Frequently Asked Questions
These Q&A summaries are AI-generated from the video transcript and may not reflect my exact wording. Watch the video for the full context.
- What does the speaker say about the primary motivations behind engineers becoming the single point of failure?
- I don't think malicious intent is the primary motivator. I think the speaker identifies time pressures and personal priorities (like promotions) as two big factors. I note that under time pressure, people rush and cut corners, which can create single points of failure. I also point out that personal priorities can drive people to focus on delivering for themselves rather than for the team.
- What practices does the speaker describe to avoid a single point of failure in a system?
- I describe several things that can help: documentation that explains how to work with the system, monitors and alerting with instructions for what to diagnose when they fire, and a self-healing or redundant setup so instances recover automatically.
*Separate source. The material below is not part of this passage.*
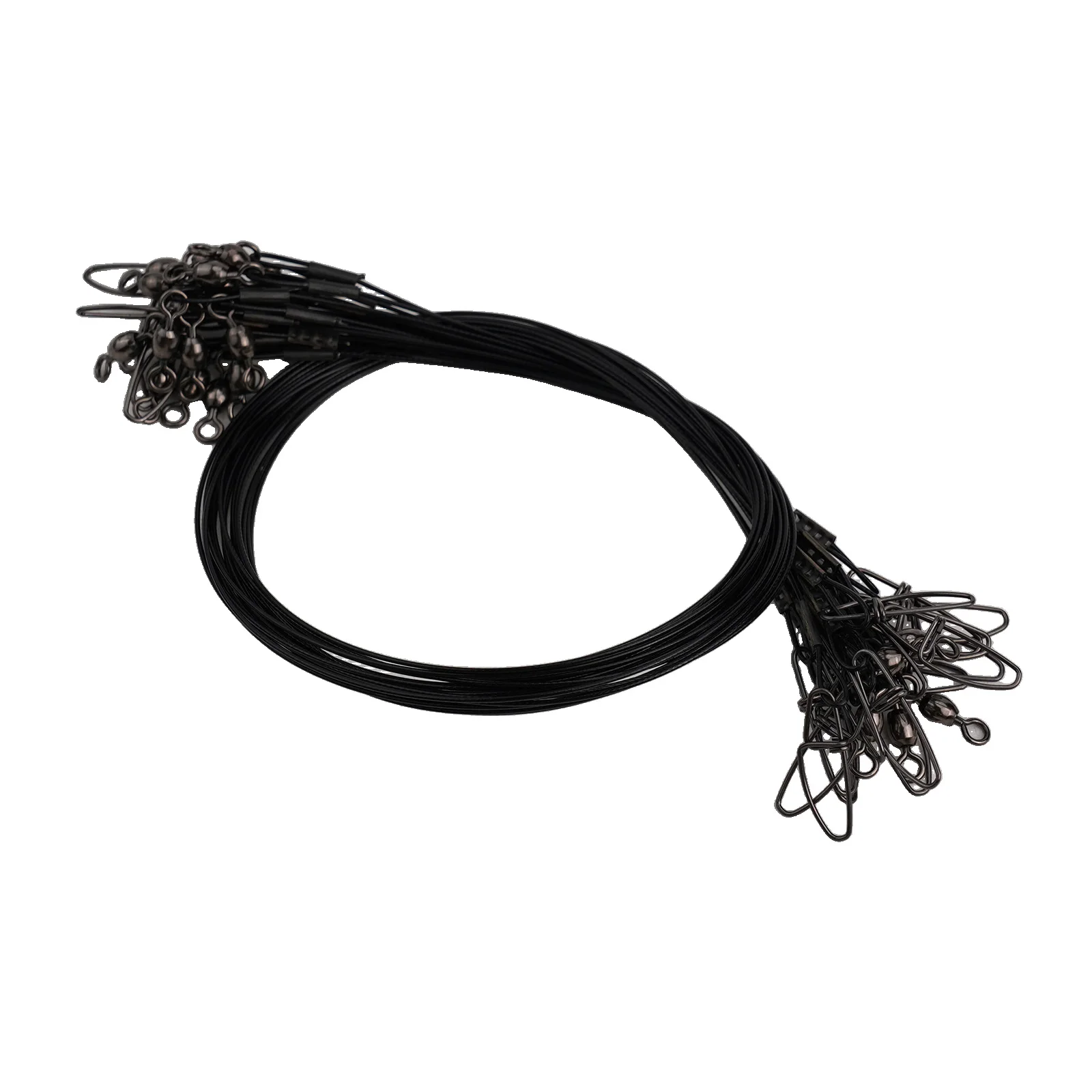 - Technical Specifications: Length 19.7″, diameter 1 mm, total weight 90 grams, tested to 125 lbs, made of high-carbon steel with nylon coating, stainless steel swivels and snaps, available in black, green, blue, red, and mixed colors.

I also talk about code being accessible, readable, and highly tested so others can make changes without depending on one 'wizard' like Jim. I note that it's not trivial and there can be gaps, but these practices help ensure the codebase doesn't break the team when someone is unavailable.
- How does the speaker describe organizational culture and motivation as factors in this issue?
- I discuss that time pressure and personal motivation around promotions are two big factors. I point out that in some organizations promotions and rewards are tied to what you deliver rather than how you help the team, which can lead to a focus on self rather than collective impact. I also say that this isn't malicious, but it can result in a 'check the box, move on' mindset that hampers building systems that the whole team can own.